Its orders of magnitude faster compared to regular expressions.
## Key Enhancements in flashtext2
- **Rewritten for Better Performance**: Completely rewritten in Rust, making it approximately 3-10x faster than the original version.
- **Unicode Standard Annex #29**: Instead of relying on arbitrary regex patterns like **flashtext**
[does](https://github.com/vi3k6i5/flashtext/blob/b316c7e9e54b6b4d078462b302a83db85f884a94/flashtext/keyword.py#L13): `[A-Za-z0-9_]+`,
**flashtext2** uses the [Unicode Standard Annex #29](https://www.unicode.org/reports/tr29/) to split strings into tokens.

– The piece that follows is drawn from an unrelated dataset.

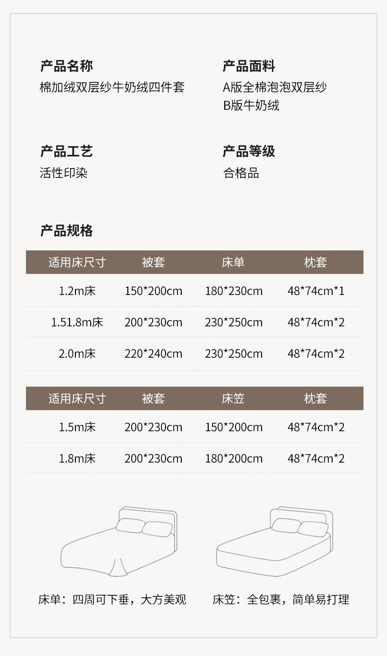 | Especificaciones de tamaño | 1.5m sábanas de cuatro piezas [coveta de colcha 200 * 230cm + sábanas de 245 * 250cm + funda de almohada * 2], 1.8m sábanas de cuatro piezas [coveta de colcha 200 * 230cm + sábanas de 245 * 250cm + funda de almohada * 2], 2.0m sábanas de cuatro piezas [coveta de colcha 220 * 240cm + sábanas de 245 * 250cm + funda de almohada * 2], 1.5m sábanas de cuatro piezas [coveta de colcha 200 * 230cm + sábanas de 150 * 200cm + funda de almohada * 2, 1.8m cama de cuatro piezas [cubierta de edredón 200 * 230cm + cama de cama de 180 * 200cm + funda de almohada * 2] |
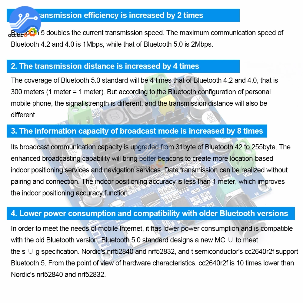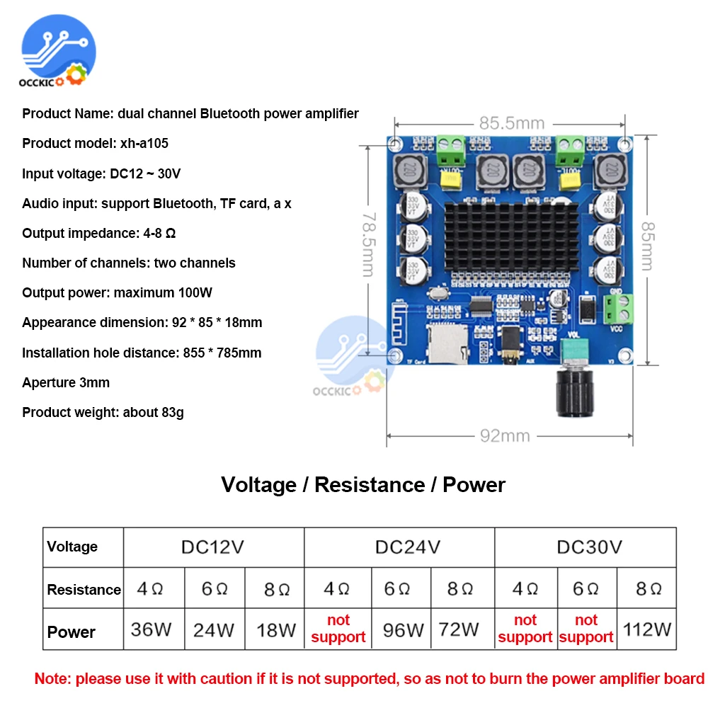 XH-A105 цифровой усилитель мощности доска с высокой точностью и двухканальный стереозвук высокого качества; Входное напряжение DC 12 ~ 24V, аудио вход поддерживает Bluetooth, tf-карта, AUX кабель/USB кабель/3,5 мм аудио AUX аудио вход, может быть непосредственно подключен к мобильный телефон, MP3 и т. Д.; Плата усилителя мощности также поставляется с функцией регулировки громкости, Который вращает потенциометр chirp по часовой стрелке для увеличения и против часовой стрелки для уменьшения.

This ensures compatibility with all languages, not just Latin-based ones.
- **Unicode Case Folding**: Instead of converting strings to lowercase for case-insensitive matches, it uses
[Unicode case folding](https://www.w3.org/TR/charmod-norm/#definitionCaseFolding), ensuring accurate normalization
of characters according to the Unicode standard.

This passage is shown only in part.